Figure 4 Relationship between Palleniella intestinalis concentration and tumor number in mice in discovery and validation groups. Scatterplots showing Spearman correlation between the concentrations of Palleniella intestinalis and tumor number in (A) the HepPten− discovery female mice group, and (B) the HepPten− validation female mice group. Spearman correlation p-values and rank correlation coefficients are shown.
The association between stool Palleniella intestinalis abundance and tumor numbers was further validated in an independent set of 71 HepPten− female mice. At necropsy, ten of the 71 mice (14%) did not have any tumors. For the remaining 61 mice, the number of tumors per mouse ranged from 1 to 18, with an average of 3.6 tumors and a median of 3 tumors (Supplementary Figure S1A). For the mice with tumors, the tumor burden ranged from 11.2 to 5544.8 mm3 (mean = 865.9 mm3; median = 252.2 mm3) (Supplementary Figure S1A). Liver histological parameters pertaining to MASH and fibrosis were also analyzed in these 71 HepPten− female mice. Liver fibrosis scores and BDR scores ranged from 0 to 2 and 0 to 3, respectively, and with medians of 0 and 0.5, respectively. Thirty-nine mice (55%) presented with no liver fibrosis and 29 mice (41%) presented with no BDR (Supplementary Figure S1B). The extent of NAFLD severity also showed large variation with mNAS ranging from 0 to 7.5 (median = 4.5). Macrovesicular scores ranged from 0 to 3 (median = 0), and microvesicular scores ranged from 0 to 3 (median = 3). Thirty-six mice (51%) had no macrovesicular steatosis, while 1 mouse (1.4%) had no detectable microvesicular steatosis. Inflammation scores ranged from 0 to 3 (median = 0.50), while ballooning scores ranged from 0 to 2 with a median of 0.5 (Supplementary Figure S1C). Palleniella intestinalis concentrations ranged from 6,270,758 to 122,607,493 16S gene copies per mg of stool (median=34,261,633). The mouse with the lowest Palleniella intestinalis abundance had 8 tumors, while the mouse with the highest abundance had only 1 tumor. A significant negative correlation was observed between Palleniella intestinalis abundance and tumor number (rs = −0.42, p < 0.001) (Figure 4B), confirming an inverse relationship between Palleniella intestinalis and tumor number.
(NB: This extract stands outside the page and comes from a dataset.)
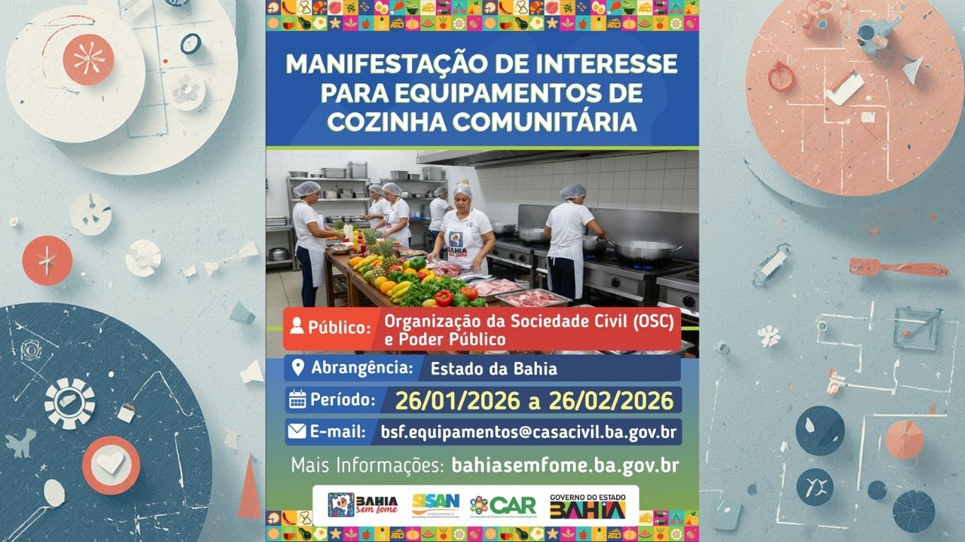 Está aberta a Manifestação de Interesse para a entrega de equipamentos de cozinhas comunitárias em toda a Bahia. É uma oportunidade para fortalecer quem já cuida do povo e leva comida para quem mais precisa. 📅 Inscrições de 26/01 a 26/02 👥 Público: Organizações da Sociedade Civil e Poder Público 📍 Vale para toda a […]

Liver Transcriptome Changes Associated with Liver Tumor GrowthRNAseq was performed on liver collected at necropsy from the 25 mice. Relationship between hepatic gene expression and liver tumor development was revealed by PAM clustering. PCoA plots resulted in three clusters: cluster A (n = 8), cluster B (n=7) and cluster C (n = 10) (Figure 5A). Among all collected necropsy and liver histological parameters, liver weight, tumor burden, number of tumors, fibrosis and ALT levels, showed significant differences between clusters (Supplementary Table S2). Mice in cluster B had the highest average liver weight (5.19 g; p < 0.001), the highest average number of tumors (7.0; p=0.008), as well as the highest average tumor burden (2264 mm3; p < 0.001). Mice in cluster B also had the highest average plasma levels of ALT (279.4 U/L, p = 0.034). Mice in cluster A had the lowest average fibrosis scores (0.3; p = 0.046). To further evaluate the relationship between hepatic gene expression in these 25 mice and liver tumor development and fibrosis severity, RDA was performed using these tumor and histology parameters as explanatory variables (Figure 5B). The overall model was highly significant with the following three parameters (number of tumors, tumor burden, fibrosis scores) explaining 48.3% of the variation in gene expression (p = 0.001). A significant association was observed with tumor burden (17.51% variance explained, permutation test p = 0.002) and fibrosis (7.41% variance explained, permutation test p = 0.047).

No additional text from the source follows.